Prompt –
Take the entries below and print, exactly, the stretch from the line containing "Но с другой" through the line containing "Короткое платье в", both included.

Supplied information –
####

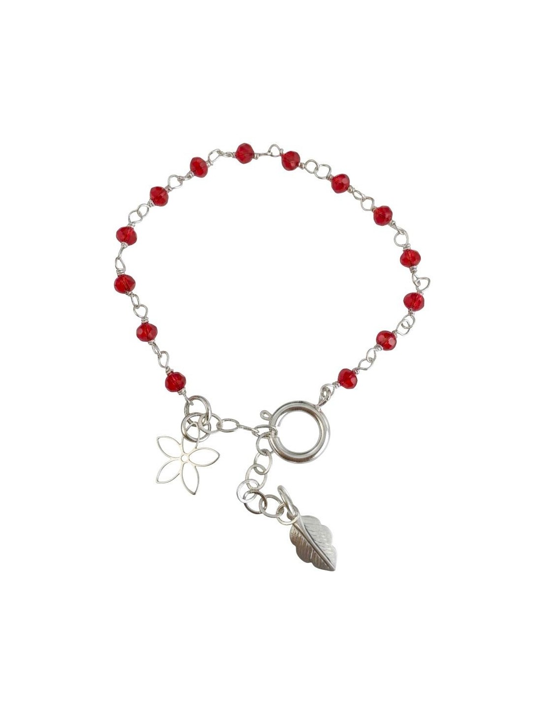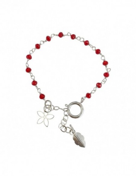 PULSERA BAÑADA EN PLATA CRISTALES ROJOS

####

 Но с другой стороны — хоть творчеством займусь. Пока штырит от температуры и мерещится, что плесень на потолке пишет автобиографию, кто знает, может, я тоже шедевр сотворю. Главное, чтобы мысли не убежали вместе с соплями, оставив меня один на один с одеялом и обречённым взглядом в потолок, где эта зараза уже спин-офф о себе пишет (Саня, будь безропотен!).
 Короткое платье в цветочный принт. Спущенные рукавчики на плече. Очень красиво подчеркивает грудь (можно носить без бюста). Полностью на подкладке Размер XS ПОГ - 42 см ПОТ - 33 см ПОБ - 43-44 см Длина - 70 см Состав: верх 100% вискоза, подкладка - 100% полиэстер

####

Problem solution –
 Но с другой стороны — хоть творчеством займусь. Пока штырит от температуры и мерещится, что плесень на потолке пишет автобиографию, кто знает, может, я тоже шедевр сотворю. Главное, чтобы мысли не убежали вместе с соплями, оставив меня один на один с одеялом и обречённым взглядом в потолок, где эта зараза уже спин-офф о себе пишет (Саня, будь безропотен!).
 Короткое платье в цветочный принт. Спущенные рукавчики на плече. Очень красиво подчеркивает грудь (можно носить без бюста). Полностью на подкладке Размер XS ПОГ - 42 см ПОТ - 33 см ПОБ - 43-44 см Длина - 70 см Состав: верх 100% вискоза, подкладка - 100% полиэстер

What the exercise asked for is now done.